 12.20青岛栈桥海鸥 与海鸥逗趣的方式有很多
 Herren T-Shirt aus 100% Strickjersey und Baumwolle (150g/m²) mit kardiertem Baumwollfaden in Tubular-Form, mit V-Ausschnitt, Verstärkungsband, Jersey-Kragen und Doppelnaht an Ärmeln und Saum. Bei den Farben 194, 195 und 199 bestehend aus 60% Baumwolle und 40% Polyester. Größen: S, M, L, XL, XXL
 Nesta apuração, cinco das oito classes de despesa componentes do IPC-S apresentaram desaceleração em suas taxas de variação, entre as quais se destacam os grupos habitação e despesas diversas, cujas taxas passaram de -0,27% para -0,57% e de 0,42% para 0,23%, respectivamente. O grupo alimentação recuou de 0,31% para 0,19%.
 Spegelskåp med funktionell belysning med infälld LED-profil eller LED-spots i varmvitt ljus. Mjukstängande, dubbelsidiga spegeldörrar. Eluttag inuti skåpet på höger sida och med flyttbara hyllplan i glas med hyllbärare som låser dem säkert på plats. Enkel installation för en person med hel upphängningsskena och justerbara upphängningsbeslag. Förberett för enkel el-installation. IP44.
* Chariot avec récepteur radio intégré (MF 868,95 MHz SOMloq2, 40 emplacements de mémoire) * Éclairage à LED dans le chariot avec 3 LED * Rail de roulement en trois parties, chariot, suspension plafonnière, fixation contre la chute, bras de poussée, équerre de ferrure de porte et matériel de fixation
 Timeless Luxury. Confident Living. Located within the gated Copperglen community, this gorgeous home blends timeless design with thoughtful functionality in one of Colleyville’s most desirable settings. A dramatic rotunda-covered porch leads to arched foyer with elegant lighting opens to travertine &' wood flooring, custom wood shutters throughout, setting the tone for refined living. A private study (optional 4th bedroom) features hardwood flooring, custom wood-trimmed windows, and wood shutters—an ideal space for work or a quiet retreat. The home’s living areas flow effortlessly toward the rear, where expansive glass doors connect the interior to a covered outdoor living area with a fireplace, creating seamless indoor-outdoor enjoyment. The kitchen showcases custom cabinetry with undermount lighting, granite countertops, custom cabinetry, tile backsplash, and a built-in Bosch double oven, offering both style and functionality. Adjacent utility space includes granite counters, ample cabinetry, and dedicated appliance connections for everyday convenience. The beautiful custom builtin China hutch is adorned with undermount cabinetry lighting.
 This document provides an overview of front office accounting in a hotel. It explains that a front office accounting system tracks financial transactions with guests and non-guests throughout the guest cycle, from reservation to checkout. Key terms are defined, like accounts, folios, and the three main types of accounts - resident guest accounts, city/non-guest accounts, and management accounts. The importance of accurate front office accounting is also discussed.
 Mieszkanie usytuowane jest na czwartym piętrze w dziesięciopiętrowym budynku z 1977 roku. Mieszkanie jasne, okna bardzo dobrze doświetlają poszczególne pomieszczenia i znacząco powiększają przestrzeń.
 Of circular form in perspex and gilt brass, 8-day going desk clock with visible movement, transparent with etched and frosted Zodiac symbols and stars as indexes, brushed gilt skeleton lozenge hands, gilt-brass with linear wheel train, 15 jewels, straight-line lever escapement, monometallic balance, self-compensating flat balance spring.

§ **Action item**
From the very first line of the records down to the line with "Spegelskåp med funktionell", please write out each line exactly, including both ends and no other lines.

§ **Task solution**
 12.20青岛栈桥海鸥 与海鸥逗趣的方式有很多
 Herren T-Shirt aus 100% Strickjersey und Baumwolle (150g/m²) mit kardiertem Baumwollfaden in Tubular-Form, mit V-Ausschnitt, Verstärkungsband, Jersey-Kragen und Doppelnaht an Ärmeln und Saum. Bei den Farben 194, 195 und 199 bestehend aus 60% Baumwolle und 40% Polyester. Größen: S, M, L, XL, XXL
 Nesta apuração, cinco das oito classes de despesa componentes do IPC-S apresentaram desaceleração em suas taxas de variação, entre as quais se destacam os grupos habitação e despesas diversas, cujas taxas passaram de -0,27% para -0,57% e de 0,42% para 0,23%, respectivamente. O grupo alimentação recuou de 0,31% para 0,19%.
 Spegelskåp med funktionell belysning med infälld LED-profil eller LED-spots i varmvitt ljus. Mjukstängande, dubbelsidiga spegeldörrar. Eluttag inuti skåpet på höger sida och med flyttbara hyllplan i glas med hyllbärare som låser dem säkert på plats. Enkel installation för en person med hel upphängningsskena och justerbara upphängningsbeslag. Förberett för enkel el-installation. IP44.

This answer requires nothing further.